Your goal: Would you please retype, exactly, the lines of the listing below between the line with "újonnan épített, napfényes" and the line with "Ein minimalistischer und", inclusive?

Study material:
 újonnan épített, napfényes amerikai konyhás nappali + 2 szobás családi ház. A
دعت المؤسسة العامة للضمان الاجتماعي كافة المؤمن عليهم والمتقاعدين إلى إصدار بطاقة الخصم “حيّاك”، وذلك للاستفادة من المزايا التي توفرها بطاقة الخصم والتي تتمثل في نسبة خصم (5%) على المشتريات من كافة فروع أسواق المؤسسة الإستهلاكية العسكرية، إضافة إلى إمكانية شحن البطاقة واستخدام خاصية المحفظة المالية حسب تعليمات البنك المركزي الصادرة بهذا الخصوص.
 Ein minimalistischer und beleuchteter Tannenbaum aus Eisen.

==

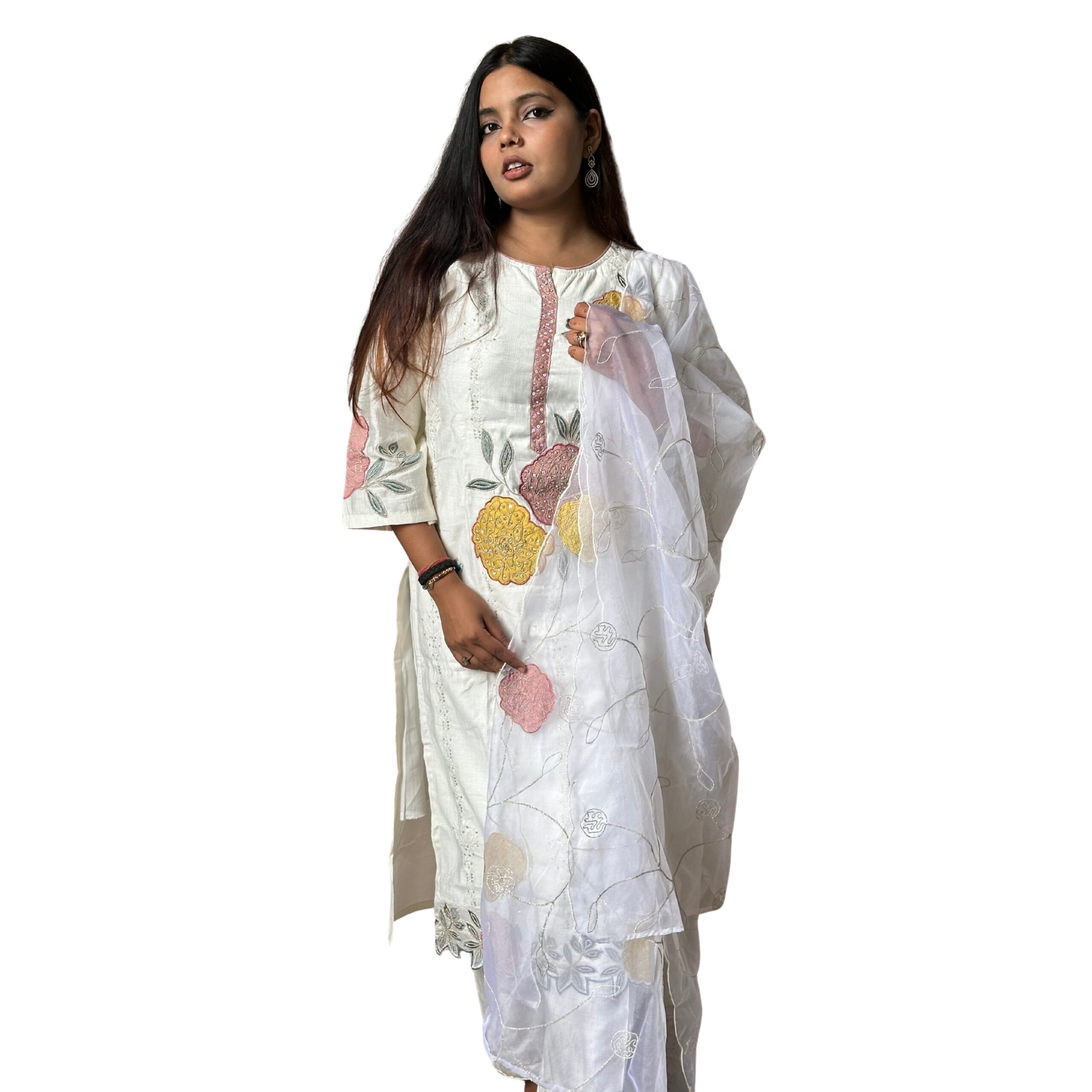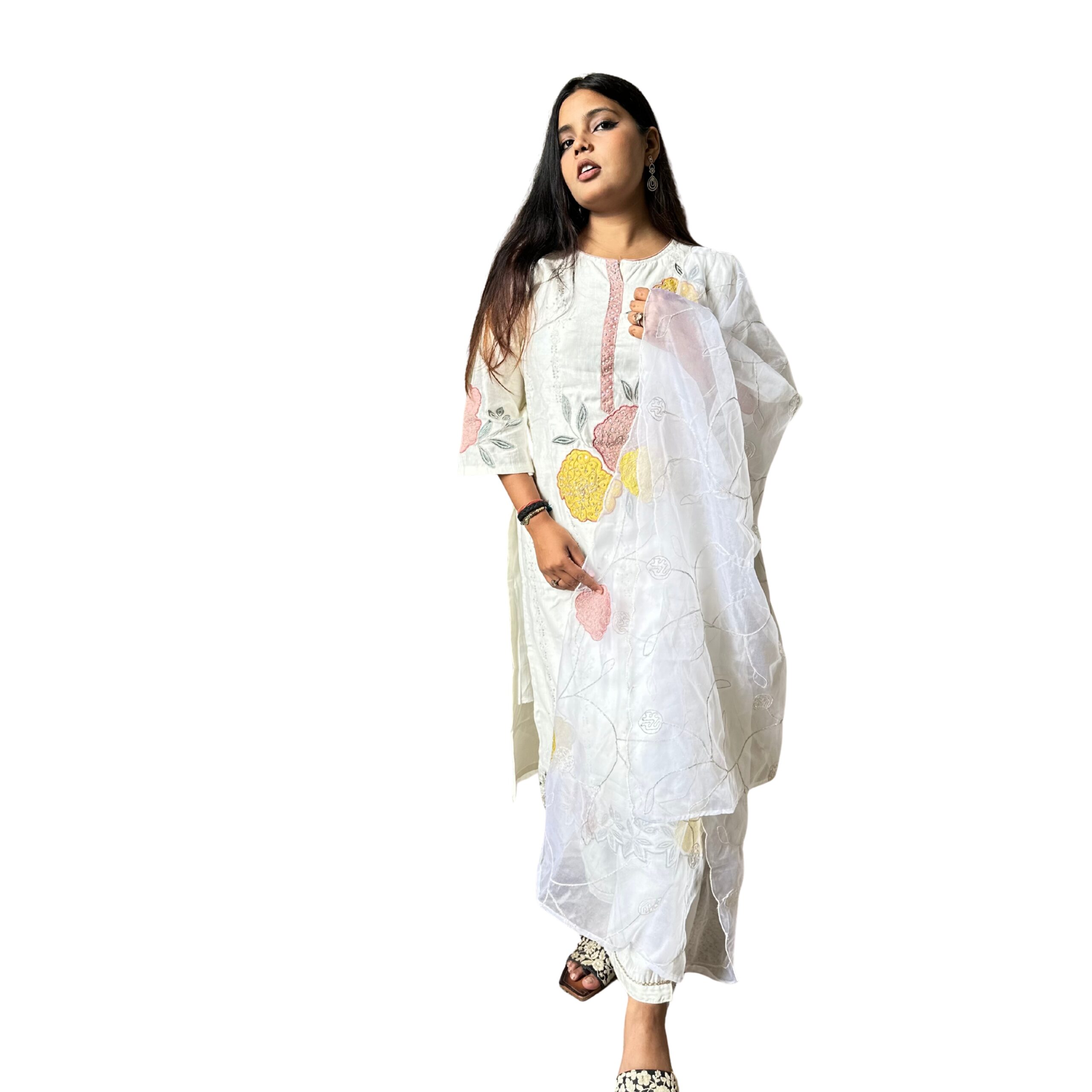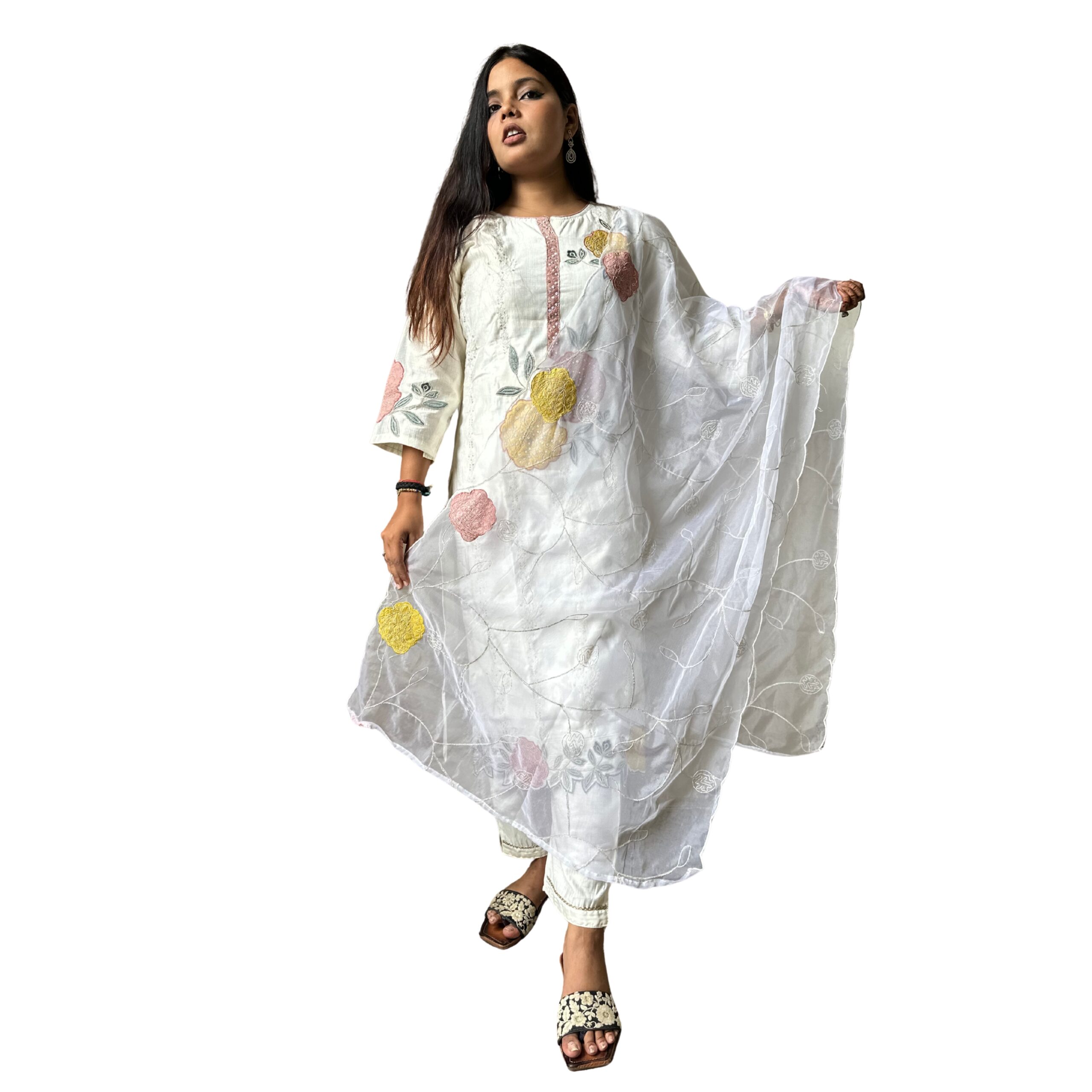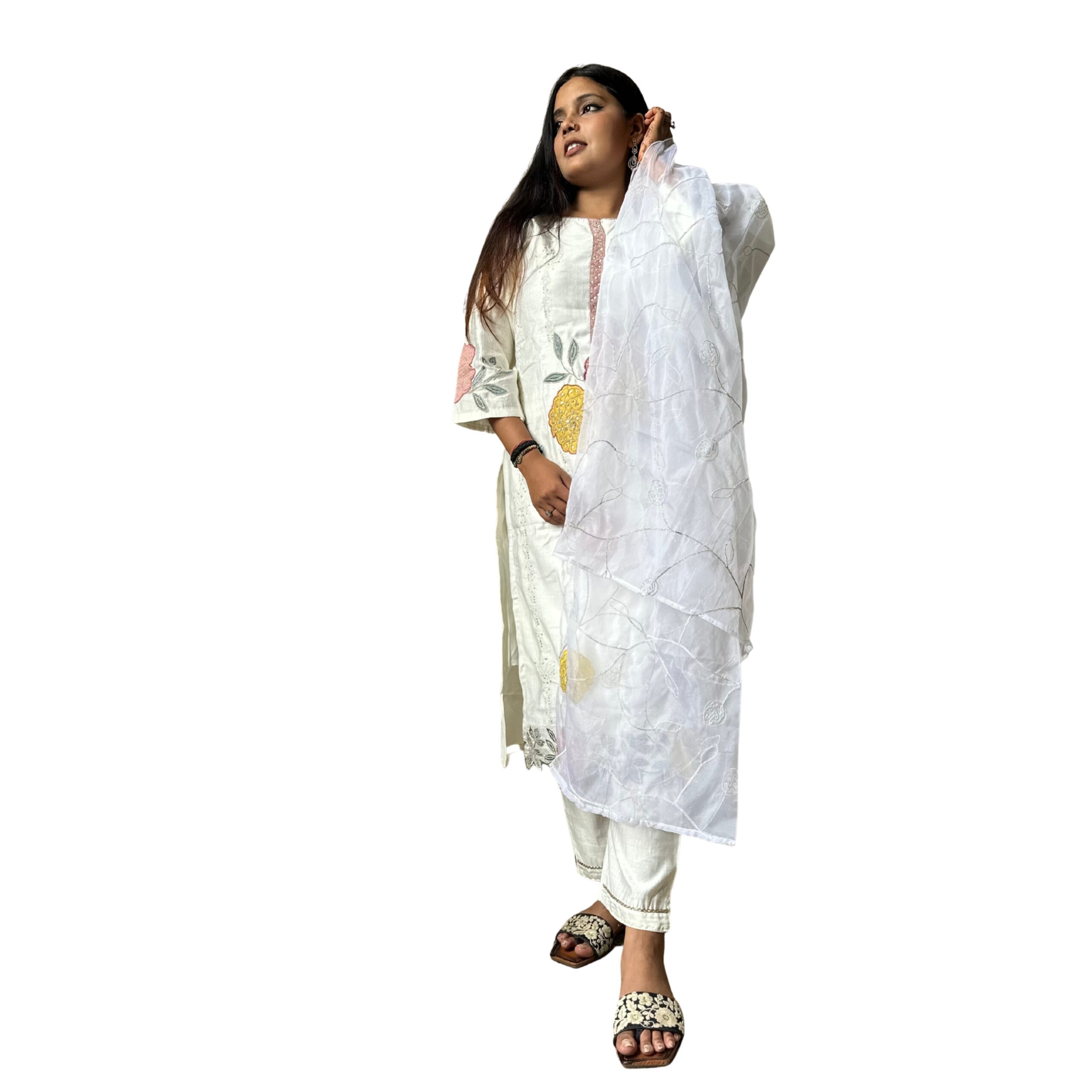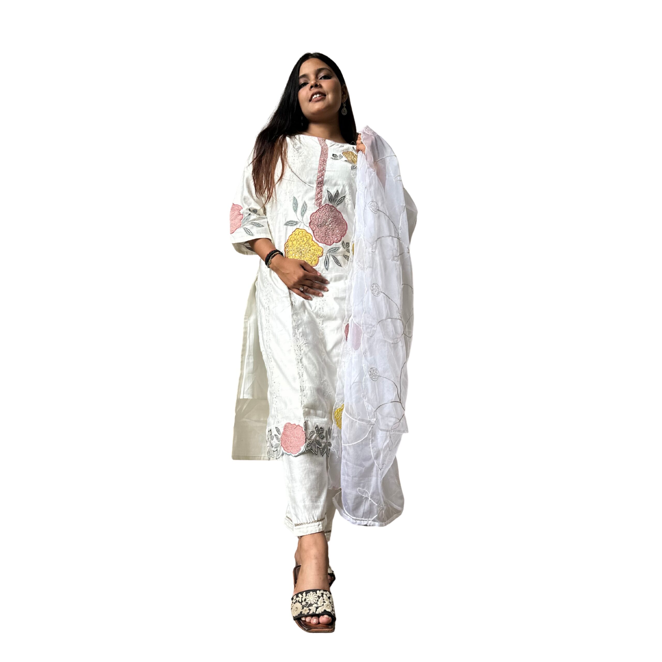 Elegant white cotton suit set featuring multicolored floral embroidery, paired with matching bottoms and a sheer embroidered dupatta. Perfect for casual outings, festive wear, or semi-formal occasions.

* * *

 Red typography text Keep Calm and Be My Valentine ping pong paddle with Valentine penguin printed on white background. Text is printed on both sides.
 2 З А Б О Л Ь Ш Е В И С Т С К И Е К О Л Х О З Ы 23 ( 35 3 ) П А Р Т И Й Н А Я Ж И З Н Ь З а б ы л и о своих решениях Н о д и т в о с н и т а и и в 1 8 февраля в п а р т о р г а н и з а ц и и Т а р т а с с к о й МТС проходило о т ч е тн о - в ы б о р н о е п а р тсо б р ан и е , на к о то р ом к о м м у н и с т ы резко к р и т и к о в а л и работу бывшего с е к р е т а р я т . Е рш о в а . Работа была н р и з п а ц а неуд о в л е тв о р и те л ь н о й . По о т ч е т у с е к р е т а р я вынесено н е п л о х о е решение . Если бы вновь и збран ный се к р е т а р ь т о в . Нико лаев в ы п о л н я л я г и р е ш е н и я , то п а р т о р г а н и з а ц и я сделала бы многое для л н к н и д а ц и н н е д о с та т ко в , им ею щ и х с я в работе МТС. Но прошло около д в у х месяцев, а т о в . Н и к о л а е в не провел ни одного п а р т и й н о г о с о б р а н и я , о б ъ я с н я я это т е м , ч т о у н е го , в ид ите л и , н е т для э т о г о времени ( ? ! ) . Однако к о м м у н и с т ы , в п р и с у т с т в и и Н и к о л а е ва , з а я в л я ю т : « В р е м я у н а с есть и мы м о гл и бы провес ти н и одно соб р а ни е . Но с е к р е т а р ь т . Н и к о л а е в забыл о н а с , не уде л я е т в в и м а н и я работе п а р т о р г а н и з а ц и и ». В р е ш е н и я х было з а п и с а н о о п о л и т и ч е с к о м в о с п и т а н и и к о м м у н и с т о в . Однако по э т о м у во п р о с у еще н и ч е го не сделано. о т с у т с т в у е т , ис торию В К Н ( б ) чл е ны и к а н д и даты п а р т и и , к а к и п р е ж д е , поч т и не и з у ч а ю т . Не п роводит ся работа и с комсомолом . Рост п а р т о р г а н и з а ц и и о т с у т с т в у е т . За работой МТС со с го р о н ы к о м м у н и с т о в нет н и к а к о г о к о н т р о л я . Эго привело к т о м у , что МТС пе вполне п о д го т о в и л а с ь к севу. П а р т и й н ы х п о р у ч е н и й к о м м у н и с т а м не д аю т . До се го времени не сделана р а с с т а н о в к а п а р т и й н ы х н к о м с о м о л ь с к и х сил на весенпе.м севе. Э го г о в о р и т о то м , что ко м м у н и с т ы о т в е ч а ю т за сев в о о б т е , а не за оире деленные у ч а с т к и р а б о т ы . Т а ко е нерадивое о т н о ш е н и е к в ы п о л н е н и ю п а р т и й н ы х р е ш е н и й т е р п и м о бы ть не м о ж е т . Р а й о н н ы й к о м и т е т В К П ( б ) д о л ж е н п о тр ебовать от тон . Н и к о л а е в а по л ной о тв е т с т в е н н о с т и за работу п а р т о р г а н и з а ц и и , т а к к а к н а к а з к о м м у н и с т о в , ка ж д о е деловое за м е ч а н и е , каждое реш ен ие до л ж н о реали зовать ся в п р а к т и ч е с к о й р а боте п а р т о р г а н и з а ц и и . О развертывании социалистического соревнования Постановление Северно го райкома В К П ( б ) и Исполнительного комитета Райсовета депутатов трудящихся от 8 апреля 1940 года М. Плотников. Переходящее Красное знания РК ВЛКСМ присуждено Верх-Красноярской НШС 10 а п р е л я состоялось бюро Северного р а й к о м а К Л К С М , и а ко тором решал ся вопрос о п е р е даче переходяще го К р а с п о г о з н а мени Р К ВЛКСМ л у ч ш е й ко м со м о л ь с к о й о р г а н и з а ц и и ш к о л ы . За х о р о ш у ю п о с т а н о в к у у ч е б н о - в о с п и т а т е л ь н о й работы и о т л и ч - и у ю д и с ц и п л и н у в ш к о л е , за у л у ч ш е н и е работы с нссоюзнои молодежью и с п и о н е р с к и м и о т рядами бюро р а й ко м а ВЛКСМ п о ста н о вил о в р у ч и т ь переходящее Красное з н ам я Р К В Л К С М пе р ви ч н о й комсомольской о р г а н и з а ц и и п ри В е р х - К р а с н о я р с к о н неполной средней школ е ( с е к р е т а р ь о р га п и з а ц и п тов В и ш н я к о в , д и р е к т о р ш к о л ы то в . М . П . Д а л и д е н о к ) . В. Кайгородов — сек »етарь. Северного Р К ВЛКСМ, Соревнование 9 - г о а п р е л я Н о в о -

Response to the task:
 újonnan épített, napfényes amerikai konyhás nappali + 2 szobás családi ház. A
دعت المؤسسة العامة للضمان الاجتماعي كافة المؤمن عليهم والمتقاعدين إلى إصدار بطاقة الخصم “حيّاك”، وذلك للاستفادة من المزايا التي توفرها بطاقة الخصم والتي تتمثل في نسبة خصم (5%) على المشتريات من كافة فروع أسواق المؤسسة الإستهلاكية العسكرية، إضافة إلى إمكانية شحن البطاقة واستخدام خاصية المحفظة المالية حسب تعليمات البنك المركزي الصادرة بهذا الخصوص.
 Ein minimalistischer und beleuchteter Tannenbaum aus Eisen.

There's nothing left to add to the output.